Quiz: Planning I & II
Methods of AI — SoSe 2026
Q1 — Planning I
Question: Describe the three fundamental problems in planning: frame, qualification, and ramification. Give one example each.
Answer
- Frame problem: When an action occurs, how do we efficiently represent what doesn’t change? Naive approach: enumerate all unchanged facts explicitly (expensive). Example: moving block A doesn’t change blocks B, C, D — but must state this somehow.
- Qualification problem: An action may have an unlimited list of preconditions we can never fully enumerate. Example: “move robot” — fails if battery dead, motor broken, path blocked by another robot, weight too heavy…

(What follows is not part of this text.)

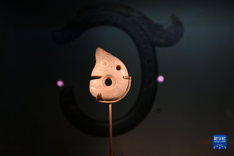 8月18日在中國國家博物館“中國古代玉器”專(zhuān)題展覽上拍攝的紅山文化玦形龍。

- Ramification problem: An action may have unintended side-effects. Example: moving a storage unit (PSU) also moves all items stored inside it.
Max’s answer:
Result:
Q2 — Planning I
Question: What are the three components of a STRIPS operator? How does STRIPS “solve” the frame problem?
Answer
A STRIPS operator has:
- PRE (Preconditions): set of atoms that must be true before the operator applies
- ADD list: atoms that become true after the operator
- DEL list: atoms that become false after the operator
Frame problem in STRIPS: solved implicitly by convention — everything NOT in the ADD or DEL lists stays unchanged. No explicit frame axioms needed. This is the “closed-world + default persistence” assumption.
Note: STRIPS uses the closed-world assumption (what’s not listed = false).
Max’s answer:
Result:
Q3 — Planning I
Question: What is the difference between Situation Calculus and STRIPS in how they handle knowledge representation?
Answer
- Situation Calculus: uses first-order predicate logic. Predicates that change over time are fluents with an extra situation argument. Plans computed via theorem provers. Does NOT use closed-world assumption. Frame problem requires explicit frame axioms for every action×fact combination — expensive.
- STRIPS: state-based, uses sets of ground atoms. Actions have explicit PRE/ADD/DEL lists. Uses closed-world assumption. Frame problem “solved” by convention — cheaper but less expressive.
STRIPS is more practical; Situation Calculus more expressive and general.
Max’s answer:
Result:
Q4 — Planning II
Question: Give the formal definition of an MDP. What does each component represent?
Answer
An MDP is a 4-tuple (S, A, p, r):
- S: finite set of states
- A: finite set of actions
- p(s’|s, a): state transition probability — probability of reaching state s’ from state s after action a. Must sum to 1 over all s’ for any (s, a).
- r(s, a): reward function — immediate reward for performing action a in state s
The Markov property holds: the outcome depends only on the current state, not the history.
Max’s answer:
Result:
Q5 — Planning II
Question: What is the Bellman equation for policy evaluation? What does each term represent?
Answer
For a fixed deterministic policy π, the Bellman equation is:
Vᵖ(s) = r(s, π(s)) + γ · Σₛ' p(s'|s, π(s)) · Vᵖ(s')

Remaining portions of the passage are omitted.